610 S.W.2d 153 | Tex. App. | 1980

OPINION ON PROPRIETY OF APPEAL

PER CURIAM.

The purported appeal is demonstrated by the transcript to be untimely. This fact we were unable to ascertain until it was tendered for filing. Antecedently, we were presented with a motion for extension of time within which to file it. Fortunately the transcript was tendered before date .for that motion to be heard.

The appellee, seeking to prevent acceptance of any record on appeal, and, in the event there should be such acceptance seeking to obtain its dismissal, filed all the papers he could conceive to be proper in demonstration of his contentions.

The order of the trial court, from which appeal is sought to be taken, was signed and entered on December 13, 1979 and labeled “Preliminary Decree”. Therein was the finding that certain real property belonging to the parties was susceptible of partition in kind. It decreed that partition in kind should be made, and appointeu commissioners to make the partition.

Obviously the proceedings were pursuant to our Tex.R.Civ.P. in its PART VII, “Rules Relating to Special Proceedings”, Section 3, “Partition Of Real Estate” Rules 756 to 771. Of these Rule 760, “Court Shall Determine, What” provides that the court determine the respective share or interest of each of the joint owners or claimants and any questions affecting title to the land sought to be partitioned. Rule 761, “Appointment of Commissioners” provides (obviously immediately following or at the same time) that upon a finding that the property or any part thereof is susceptible of partition in kind that there be the appointment of commissioners to make the partition. (Thereafter the Rules provide for appropriate action, culminating in division of the property, yet with opportunity afforded for a trial of issues upon propriety of the division made.)

*154Our material concern is whether appeal lies from the “decree of partition and appointment of commissioners” by Rules 760 and 761, and, if so, whether such an appeal is controlled by the Rules relating to appeals from final judgments or by those relating to appeals from interlocutory orders.

An appeal does lie from such “decree of partition and appointment of commissioners”; and on this the parties are wholly in accord.

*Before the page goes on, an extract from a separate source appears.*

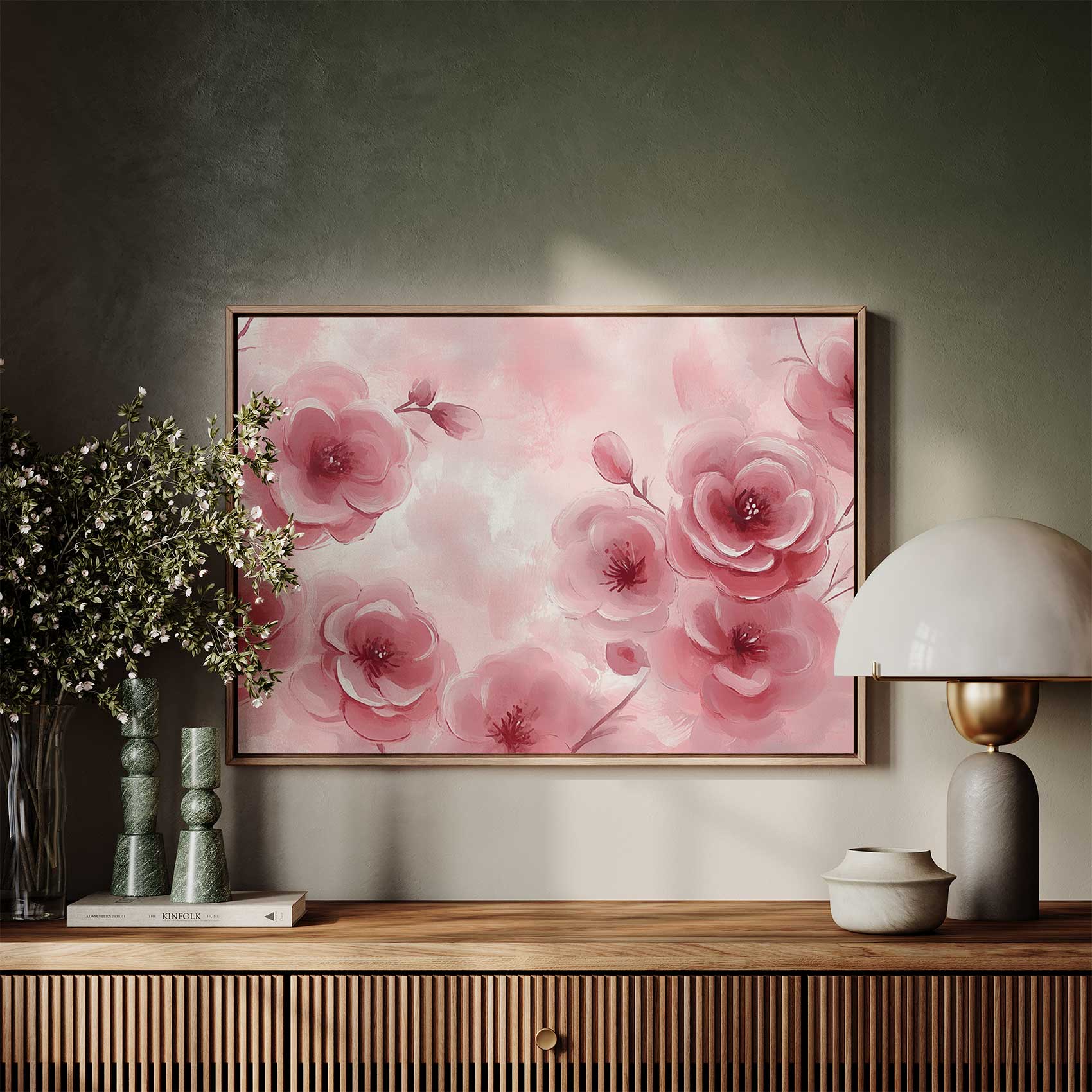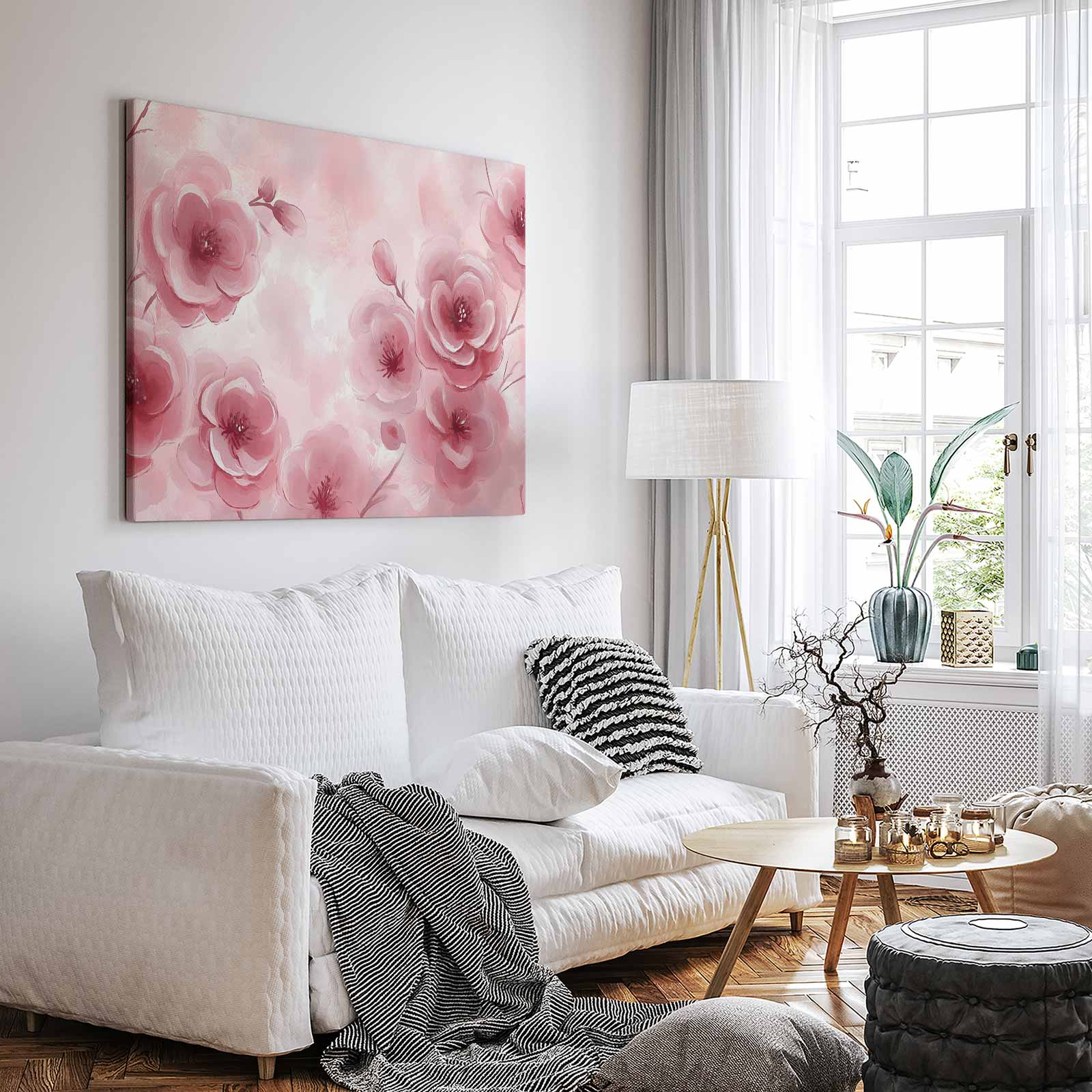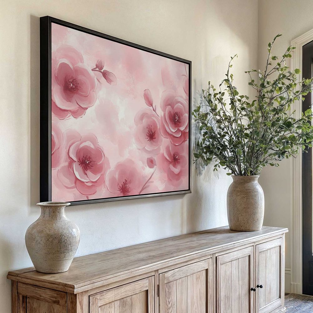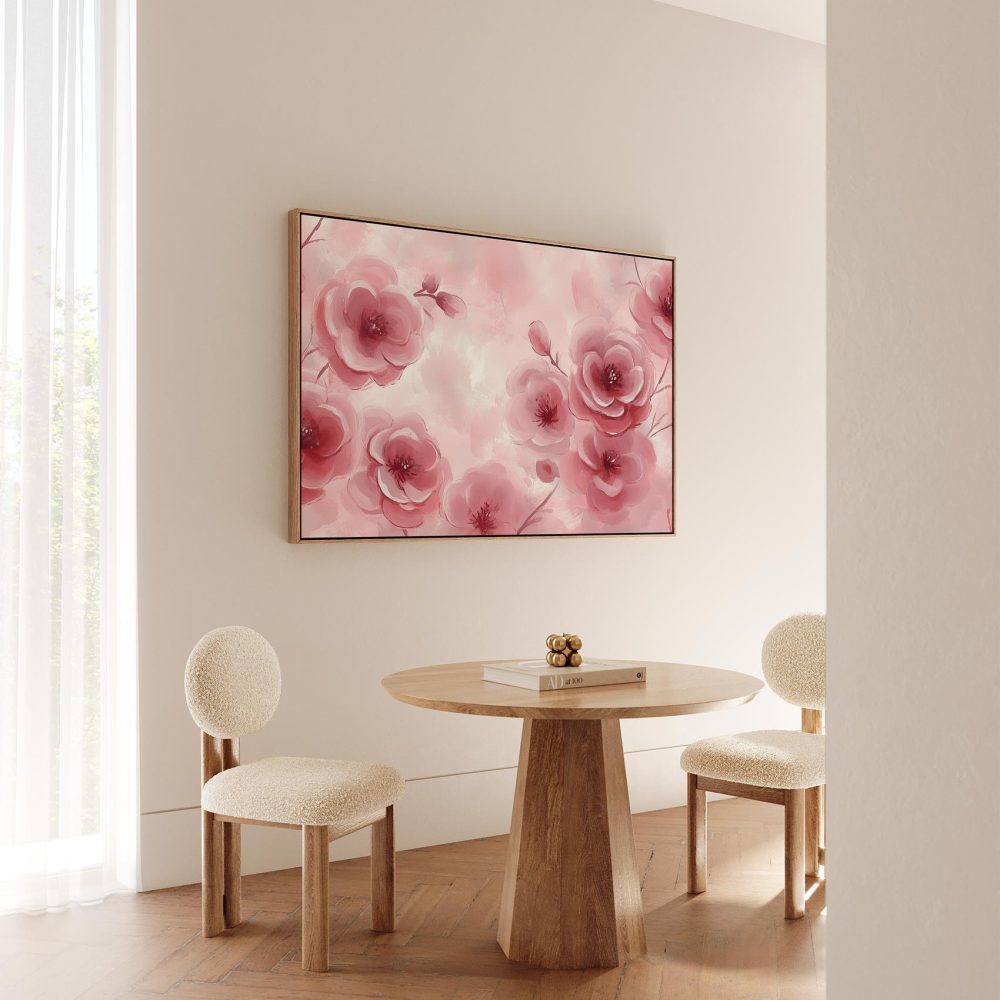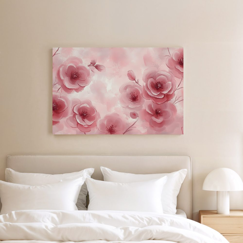 Zachtroze bloesem schilderij

We need not discuss.

The parties are not in accord otherwise. Our holding is that the appeal is controlled by Tex.R.Civ.P. 385, “Appeals From Interlocutory Orders”; that Rules relative to appeals from final judgments are without application.

By Rule 385 “there shall be no motion for a new trial, and the trial judge need not file findings of fact or conclusions of law”. The Rule further provides that in the event of an appeal the appeal bond must be filed within twenty (20) days from date of the order, and that the record of proceedings shall be filed in the appellate court within the same twenty (20) days. On the latter requirement the appellate court is authorized, upon good cause shown, to extend such time limit. However, the authority is made to depend upon the appealing party having moved for extension of time within twenty-five (25) days from the date of the trial court’s order.

In this case there was misconception of applicable rules with failure to abide by the provisions of Rule 385. The result was that no appeal was effected — on account of untimely delay — and this appellate court was never invested with jurisdiction.

The clerk is accordingly directed to decline to accept the transcript tendered. The motion for extension of time within which to file it is dismissed for want of authority of this court to entertain it.